Collections de notes sur la cartographie et la géographie
tentatives de partager, de comprendre ces deux disciplines de manière profonde et intime
Trouver l’inspiration
C’est sans doute la meilleure partie du processus cartographique : aller dehors, absorber les images, les odeurs, s’emplir les yeux des paysages et de leurs lumières !
Lundi de Pâques. Je pars rejoindre un ami à Pont-de-Buis, dans le Finistère, pour un tour à vélo, vers un endroit qui m’attirait depuis longtemps : un petit bout du magnifique Parc naturel régional d’Armorique, qu’il me tardait d’explorer.

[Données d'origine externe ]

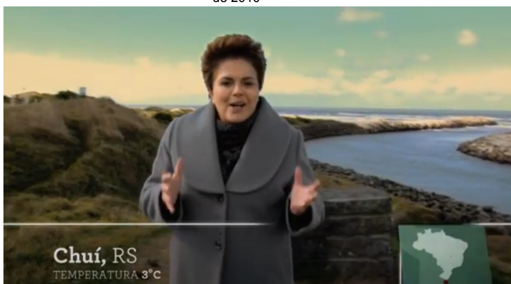
Figura 8 - Primeira cena em que a candidata Dilma Rousseff aparece no programa eleitoral de 2010

Como caso concreto que também exemplifica este cenário de produções complexas, caras e profissionalizadas menciona-se a campanha presidencial da candidata Dilma Rousseff, do PT, à Presidência da República. Com o apadrinhamento do então presidente Lula e estando João Santana no comando da comunicação político-eleitoral, a aparição pessoal dos dois políticos petistas no primeiro comercial para a televisão produzido para o primeiro turno da eleições mostra Dilma arroio do Chuí, localizado na gaúcha tida como o ponto mais ao sul do Brasil, intercalada pela presença e falas de Lula em Porto Velho, no extremo-norte brasileiro, em uma conversa revezada entre ambos sobre um futuro prometido. A conversa separada por milhares de quilômetros e que exhibe primazia técnica e visual, com ótima captação de som e atenção mínima aos detalhes dura menos de dois minutos, mas os gastos envolvidos foram bem maiores.
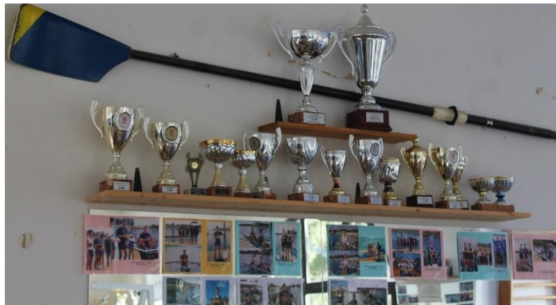
Slika 25. Veliki uspjesi veslača i veslačica Veslačkoga kluba Dupin.
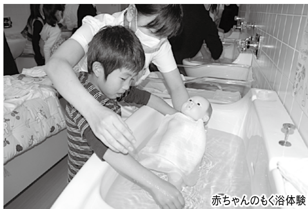
赤ちゃんのむく浴体験

会場を訪れた皆さんは、学生たちに看護や健康増進のポイントなどを分かりやすく教えてもらいながら、展示や体験を楽しみました。
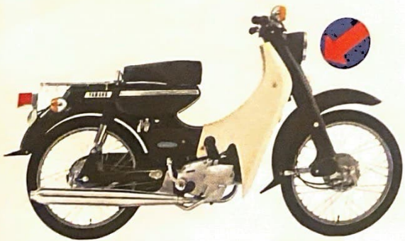
ヤマハメイト70 ハイデラックス U7-A 現金正価 ¥66,000 メイトグレー メイトブルー
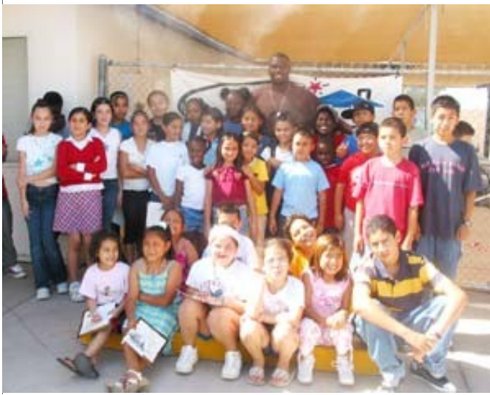
Estudiantes registrados en el Programa de Verano de Stardust posan para una foto con Arizona Cardinal Levar Fisher después de su presentación. Levar compartió una plática inspirada en su lucha por llegar a entrar al NFL.
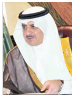
الأمير فهد بن سلطان

يستقبل صاحب السمو الملكي الأمير فهد بن سلطان بن عبدالعزيز أمير منطقة تبوك جموع المهينين بعيد الأضحى المبارك بعد أداء صلاة العيد بصلى العيد، وذلك في منزل سموه. ويتبادل أمير تبوك مع أهالي المنطقة التهانئ بالعيد المبارك، كما يستقبل سموه مشايخ القبائل وعدد الأعيان وأعضاء مجلس المنطقة وأعضاء المجالس المحلية والبلدية ومديري الإدارات الحكومية وقادة وضباط أفرع القوات المسلحة والأمن الداخلي بالمنطقة حيث سيتناول الجميع طعام الإفطار على مأدبة سموه الكريم. وسيؤدي المصلون صلاة عيد الأضحى في ١٨٣ جامعاً ومصلى في مدينة تبوك وفي مدن محافظات ومراكز المنطقة.
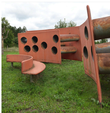
Vue latérale rapprochée. IVR84_20203800419NUCAQ
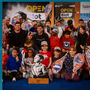
Open en Quartiers by Pierre Promotion

L'Open est signataire des 15 engagements éco-responsables du Ministère des sports et de la WWF (recyclage des balles, achats responsables...)
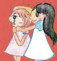
イラスト: ピアジョブサポート
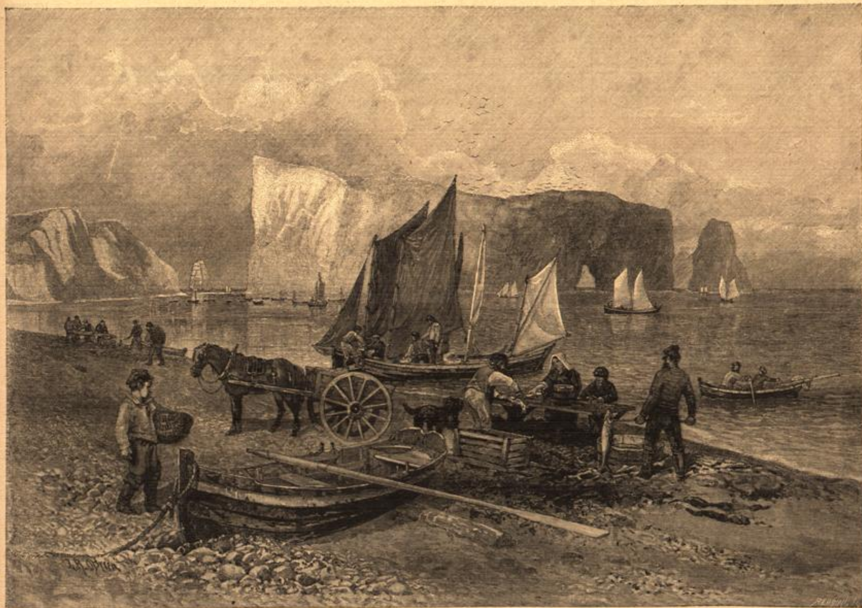
Am Strande von Percé (Kanada). Zeichnung von L. R. O'Brien. (S. 79.)

Das waren die Erwägungen und Entschlüsse des Herrn Liberio Berruggas, die ihn so eilig nach Hamburg und in
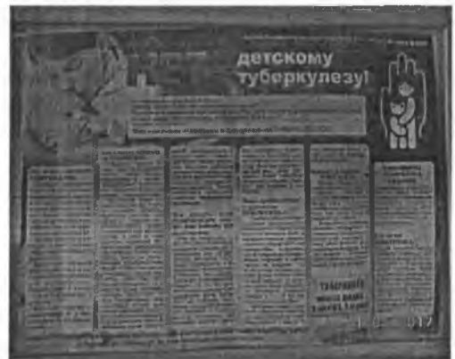
Памятки «Нет – детскому туберкулезу»
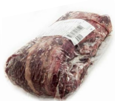
Solomillo Buey +3 Kg. Gourmet 301 00401
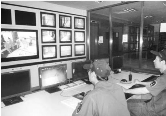
值班人员从监控室查看被“困”乘客的情况。

此次模拟两种情况,一是乘客是处于轿厢平层上,二是乘客是处于轿厢平层下600厘米范围内,被困者在维修人员打开层门后,即可离开。二是处于其他位
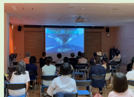
下五キャンパスPJ (映画上映会&SDGs講演会)
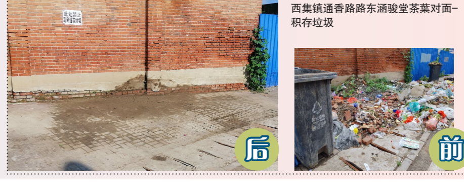
西集镇通香路东涵源堂茶业对面-积存垃圾
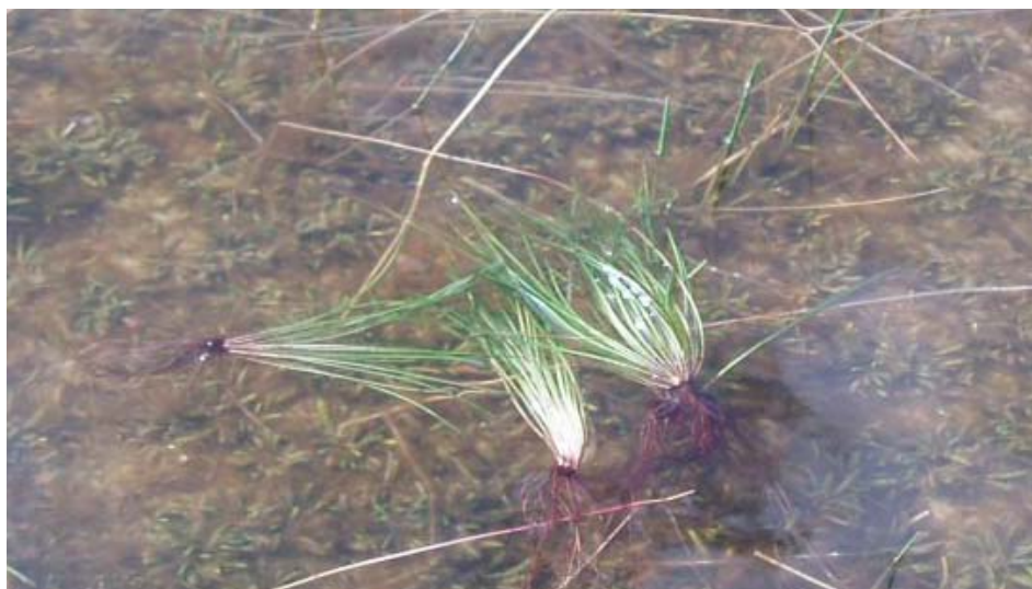
Sortgrøn brasenføde er en lille rosetplante som vokser på søbunden. I baggrunden ses strandbo og tvepibet lobelie. Disse grundskudsplanter er karakteristiske for rene næringsfattige søer – lobeliesøer.
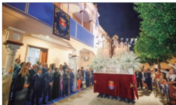
El alcalde entregó un ramo a la Virgen a su paso por el Ayuntamiento.
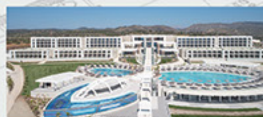
Mayia Exclusive Resort & Spa, Rodosz
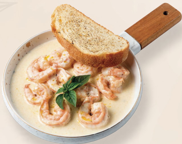
Креветки в сливочном соусе с чиабаттой, 460 гр
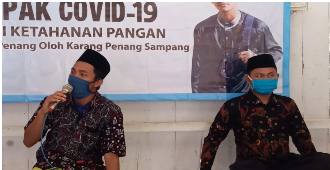
Sosialisasi tentang pendampingan penanggulangan dampak covid-19 melalui ketahanan pangan keluarga kepada masyarakat
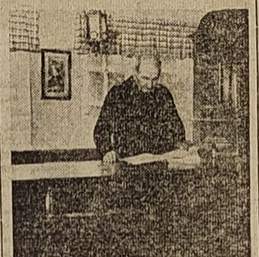
Ved egebordet i stuen.
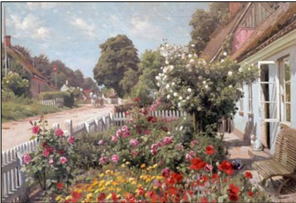
Peder Mørk Mønsted (1859-1941): En blomstrende have i Aalsgaard, udateret
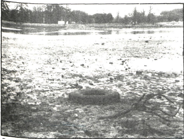
En el fondo del lago se han encontrado los más diversos objetos
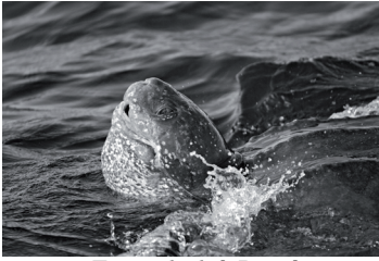
Tortue luth à Percé

La tortue luth ( Dermochelys coriacea ) a une carapace qui mesure jusqu'à 2 m de long et un poids total pouvant atteindre 900 kg. C'est un reptile marin remarquablement bien adapté pour fréquenter tant les eaux tropicales que les eaux froides des régions nordiques. Son aire de répartition est donc très vaste. Dans l'Atlantique nord-ouest, cette espèce est observée notamment au Québec, et à l'occasion dans le secteur de Percé, durant la saison estivale. La tortue luth est une espèce menacée au niveau mondial.
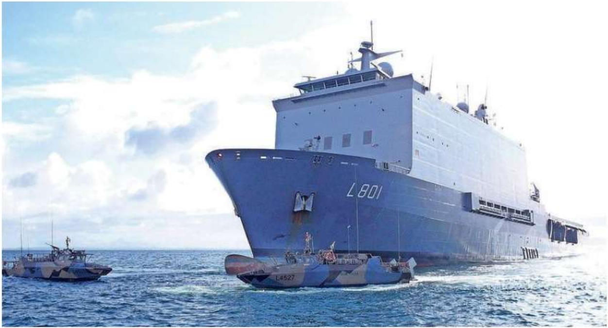
De Zr.MS. Johan de Witt.
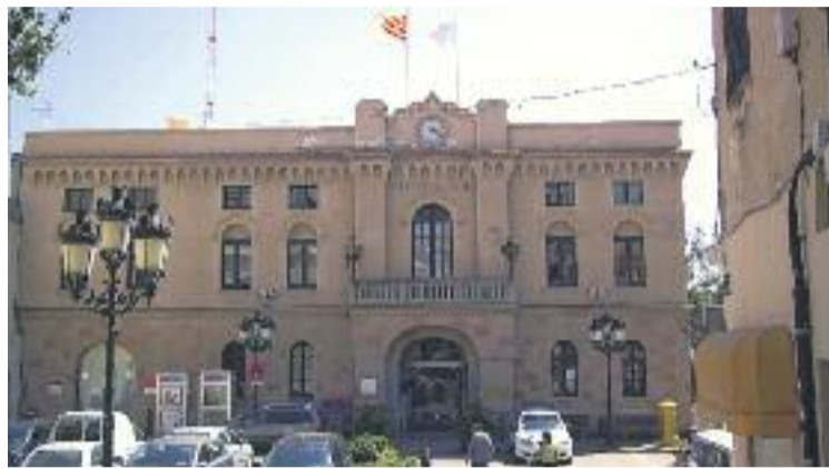
El consistori vol impulsar una marca turística pròpia.

PLA ESTRATÈGIC 2015-2019 De fet, aquest era un objectiu establert abans dels comicis del 24 de maig, les línies del qual estan definides en el Pla
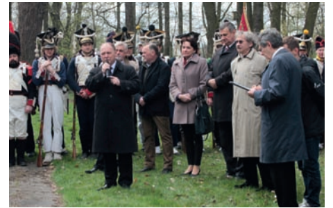
Uroczyste otwarcie Pikniku
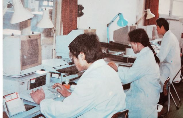
人民银行连云港市分行微机房

从“一五”时期到改革前的1978年,中国处于计划经济时期,与之相适应的是“大一统”的中国人民银行体制。人民银行既是中央银行,也是商业银行,既承担发行货币、金融管理等国家银行职责,也办理为整个经济服务的各种商业银行业务。
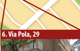
6. Via Pola, 29

Appartamento in condominio + box, garage, posto auto Tipo destinazione: mantenimento al patrimonio dello Stato. Ente destinatario: Anbsc. Scopo destinazione: finalità economiche Anbsc.
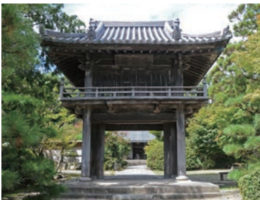
寛永18(1641)年建立の山門
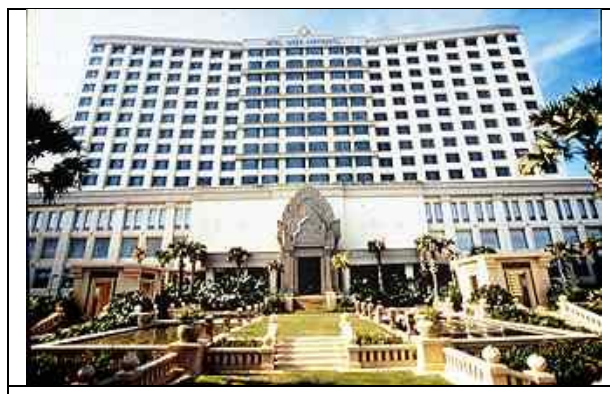
Hotel Inter-Continental *****

សងជាមាសសុទ្ធទំងន់៥តោន មកអោយសម្តេចហ៊ុនសែនវិញ ប៉ុន្តែលោកឧកញ៉ាថេង-ប៊ុនម៉ា ទៅទីក្រុងហុងកុង ទិញមាសសុទ្ធបានតែចំនួន
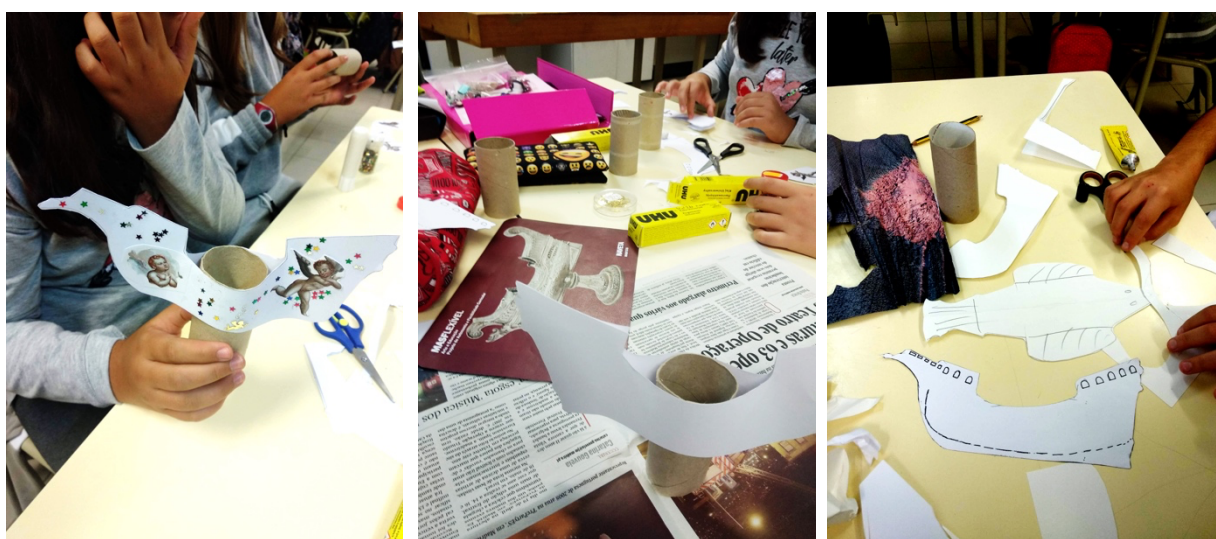
Figura 3- Oficina todos a Bordo! Na escola.

Le long de notre chemin à vélo, qui passe sur les roches anciennes du massif armoricain, entre paysage bocager et zones humides, nous sommes dominés par le légendaire Menez Hom et ses 330 mètres (une véritable montagne dans ce paysage côtier). En bas, l’Aulne maritime forme des méandres dans lesquels je rêve de voir le mont se refléter. L’Aulne, c’est ce fleuve magnifique qui débouche dans la rade de Brest après un parcours ciselant les roches mille fois millénaires, un chemin doux, sinueux et brumeux—pour le plus grand bonheur des promeneurs—et que nous tutoyons ce jour-là: que nous traversons même ! Entre un pont en béton qui danse gracieusement au-dessus du cours d’eau, déjà saumâtre à cet endroit, et les maisons attachées à d’anciens moulins marémoteurs, le tout entouré par d’abrupts flancs boisés, le passage d’une rive à l’autre est mémorable. Nos cuisses en témoigneraient volontiers. Plus mémorable encore, ce qui nous attend de l’autre côté du fleuve alors que nous entrons bel et bien dans un autre microcosme—pour celui qui se place à l’échelle du pays—, la presqu'île de Crozon ! Jusque-là, je me félicite du chemin planifié et mon ami est ravi. Ouf ! Le comble du cartographe serait de nous emmener sur un chemin ennuyeux ou impraticable.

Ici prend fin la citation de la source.